L'idéal est d'effectuer les mesures en continu (sauf l'alcalinité qui se mesure par titration), en plein courant s'il s'agit d'une rivière, ou dans un seau placé au refoulement de la pompe s'il s'agit d'eau souterraine. Il faut veiller à ne pas aérer l'eau (risque de précipitation d'éléments en solution, oxygénation…).

Méthodes d'analyse.

Les matériels et méthodes utilisables sur le terrain sont présentés dans le tableau ci-dessous :

Tableau 1 : matériels et méthodes d'analyse de l'eau sur le terrain (source : DROUART Eric, VOUILLAMOZ Jean-Michel, Alimentation en eau potable des populations menacées,
Action contre la faim, Hermann éditeurs, 1999, paris)

Paramètre
 Mesure par sonde portative électrochimique
 Photométrie (spectrométrie)
 Titration ou colorimétrie

Les méthodes évoquées dans le tableau ci-dessus correspondent à l'emploi de matériel léger et relativement convivial. Il faut cependant garder en mémoire le fait que :

les analyses réalisées par colorimétrie et interprétées visuellement ne sont pas très précises ;
les analyses faites par ionométrie, requérant l'emploi de sonde spécifique, sont simples à mettre en œuvre, mais les sondes sont fragiles et de durée de vie limitée (environ un an et onéreuses) ;
pour obtenir des analyses précises des éléments " majeurs ", il est recommandé de s'adresser à un laboratoire, ce qui ne représente pas un coût excessif. De plus, cela permet de valider les analyses réalisées par l'équipement de terrain, qui pourra, le cas échéant, être utilisé de façon plus routinière ;
l'utilisation de bandelette pour la mesure du pH donne des résultats approximatifs.
 

Eléments d'interprétation

Eaux souterraines.
La caractérisation des eaux souterraines concerne essentiellement l'analyse des paramètres de base (pH, température et conductivité) des ions majeurs et d'éventuels éléments traces. Les analyses des isotopes ne sont pas évoquées ici.
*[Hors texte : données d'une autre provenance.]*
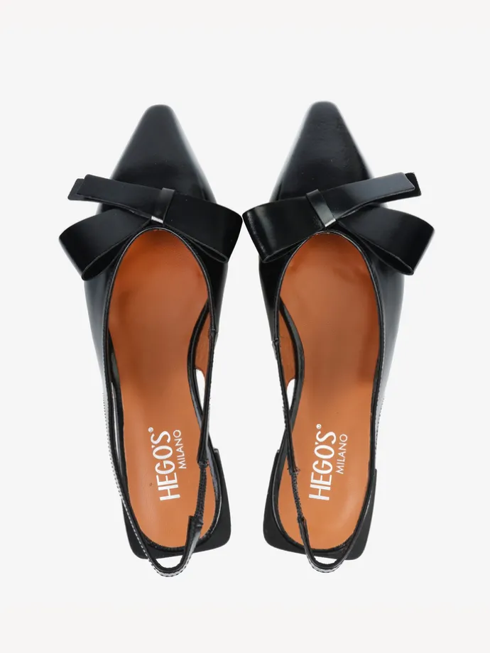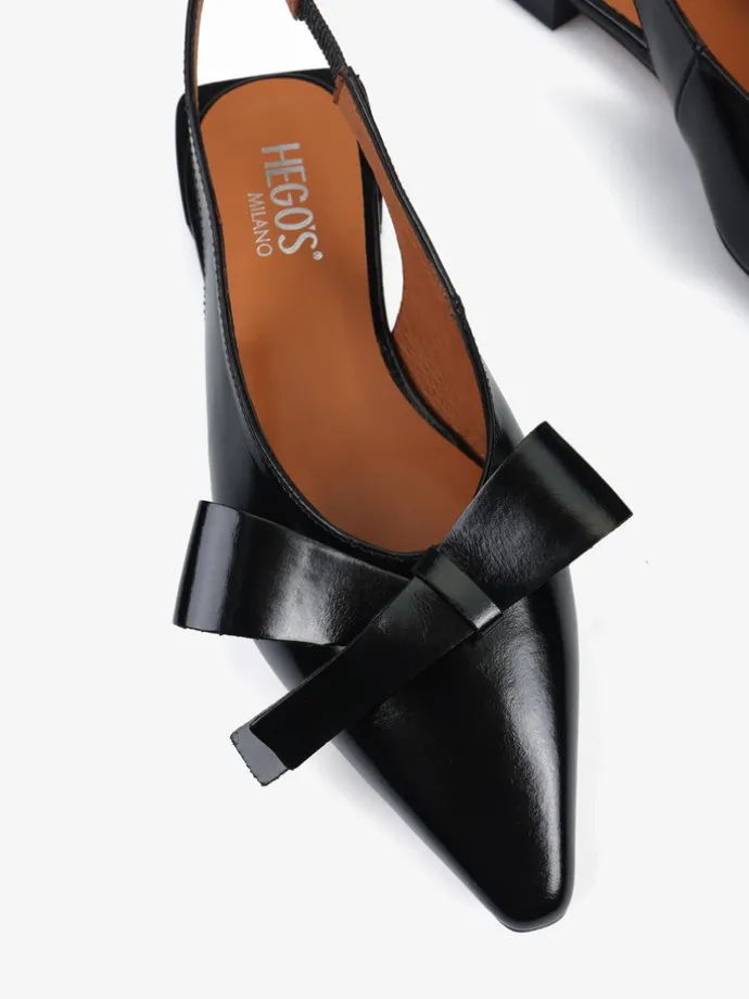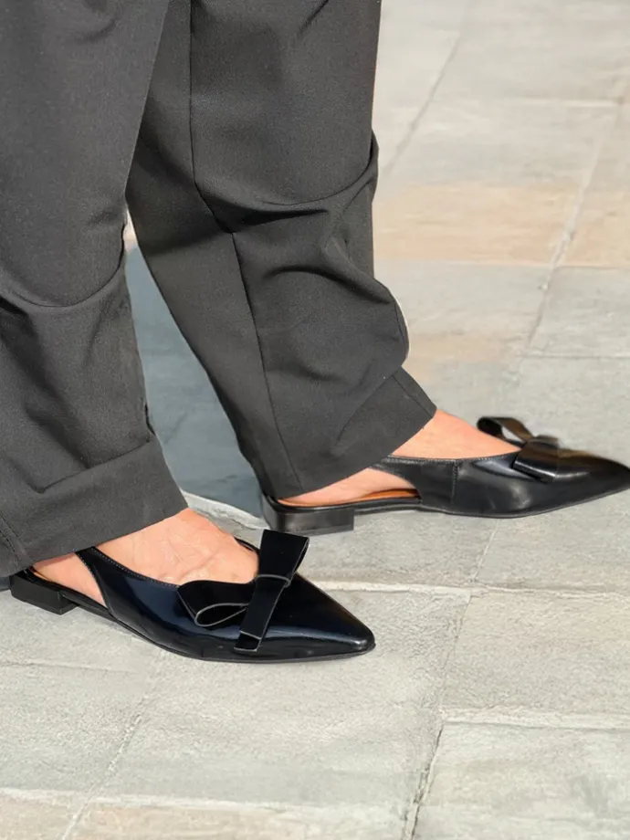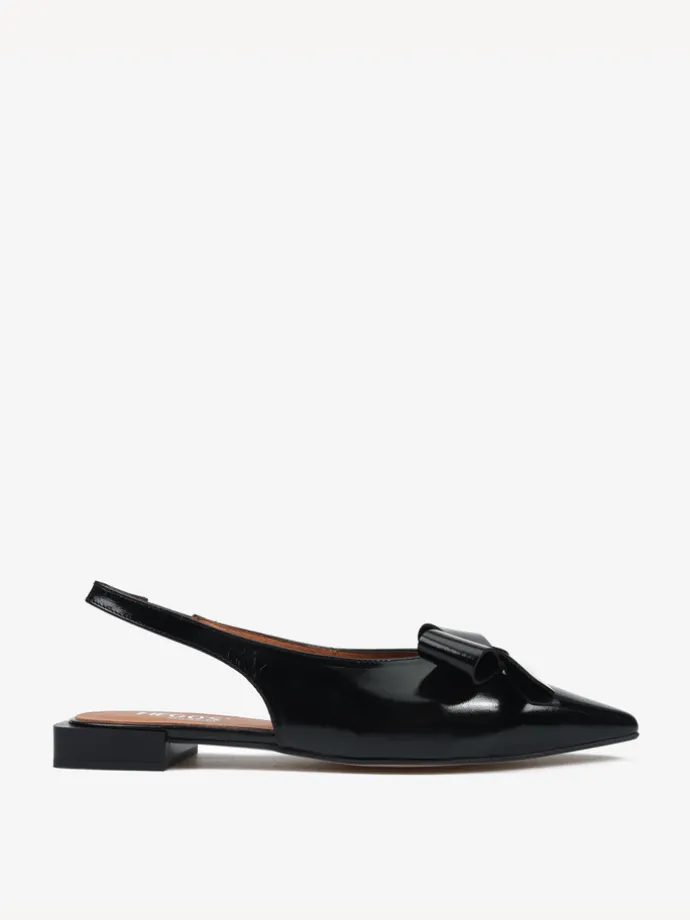 Baleriny z noskiem w szpic i ozdobną kokardą wykonane z wysokopolerowanej skóry. Odkryta pięta z paskiem dopasowującym się do stopy.

La conductivité, la température et le pH permettent de définir les caractéristiques fondamentales de l'eau. La recherche des contrastes de ces paramètres entre différents points de mesures facilite la mise en évidence de zones d'alimentation, de pollution ou de géologie différente.

Eaux de surface.
Le pH, la conductivité, l'oxygène dissous, la température et la turbidité sont mesurés in situ. Ils permettent une première estimation de la qualité du milieu.

Les phosphates, l'ammoniac, les nitrates et le fer permettent d'apprécier l'impact de rejets polluants. Les analyses bactériologiques confirment, en général, la pollution microbienne de ces eaux de surface et permettent d'en fixer l'importance.

Les indices biologiques sont surtout intéressants pour les eaux courantes. Les périodes et les stations d'études doivent être choisies pour cerner au mieux la variabilité spatiale et temporelle de la qualité du milieu (cf. paragraphe relatif à l'échantillonnage).